Don’t be in a rush, he countered. He sees the same “relatively vigorous” pickup in underlying inflation conditions as they do. But they are the only ones who can. Even though the ECB’s official projections show only 1.7% inflation this year and next, this, Draghi testified, apparently conceals the major economic improvements in Europe’s overall condition.

In other words, inflation pressures are so vigorous you can’t see them. That’s why the ECB has to go at a determined pace, taking deliberate and careful action so as to not disturb all the vigor. Oz is really the Great and Powerful. There are no curtains to pull back.

The good folks at Eurostat probably should have sent the ECB head a memo before his Belgian appearance. Or maybe they did and that’s why Draghi went with this new dictionary definition, where vigorous applies to the invisible. For yet another month, the inflation indices show nothing.
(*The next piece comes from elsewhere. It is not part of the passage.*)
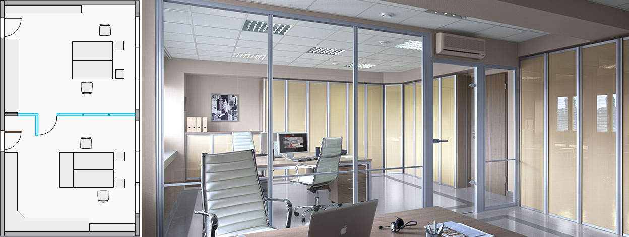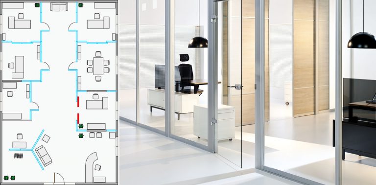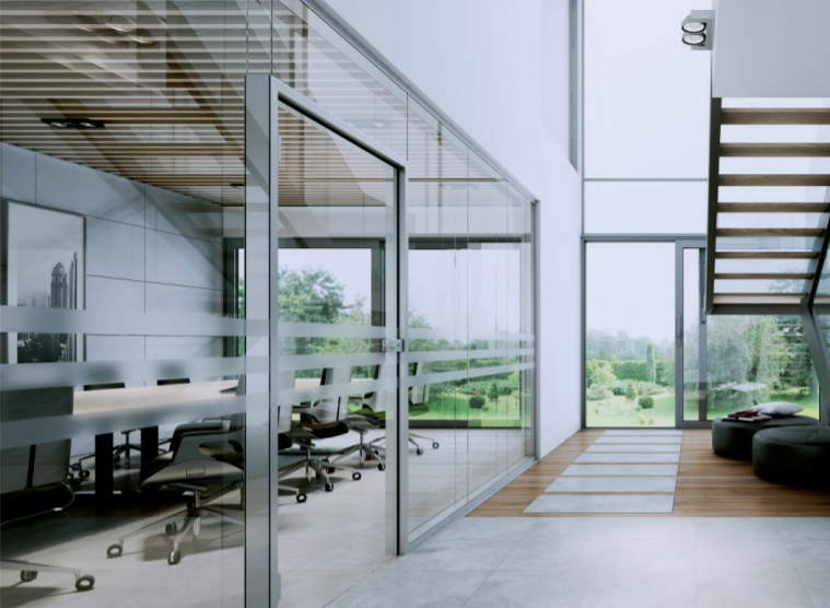 - Systémová příčka s dvoustěnným sklem

The headline rate, on only oil prices, was barely 2% again in the flash reading for September 2018.

The “core” HICP index gained only 0.9%. Since the ECB started its QE program in March 2015, the core inflation rate has been above 1% in only seven out of thirty months. Only twice this year. 

Draghi and the current Chairman of the Federal Reserve Jerome Powell seem to be using the same speech writers, which might explain the broadening use of Yellen’s dictionary.
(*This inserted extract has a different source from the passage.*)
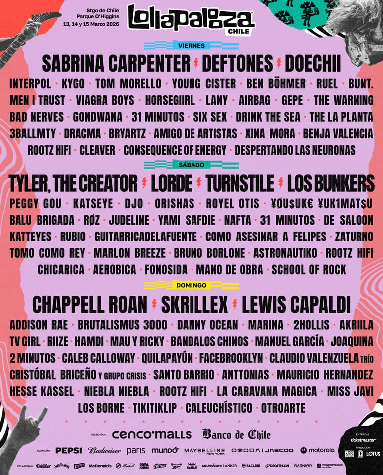 Estos son los artistas que lideran cada jornada de Lollapalooza Chile 2026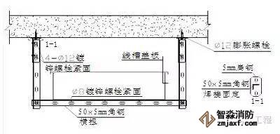 3.線(xiàn)槽橋架在跨越防火分區(qū)及線(xiàn)槽穿樓板的部位做防火封堵處理。封堵板用2mm厚防火板,具體做法如圖所示:

Underlying inflation is expected to increase further over the coming months as the tightening labor market is pushing up wage growth. Domestic price pressures are strengthening and broadening.

If I didn’t tell you that was Draghi on Monday you would be forgiven for thinking it was Powell on any other day. All these labor shortages and wage gains are happening everywhere, we just can’t see them anywhere. Vigorous and transitory. They’ve redefined the very notion of recovery, why not everything else related to it.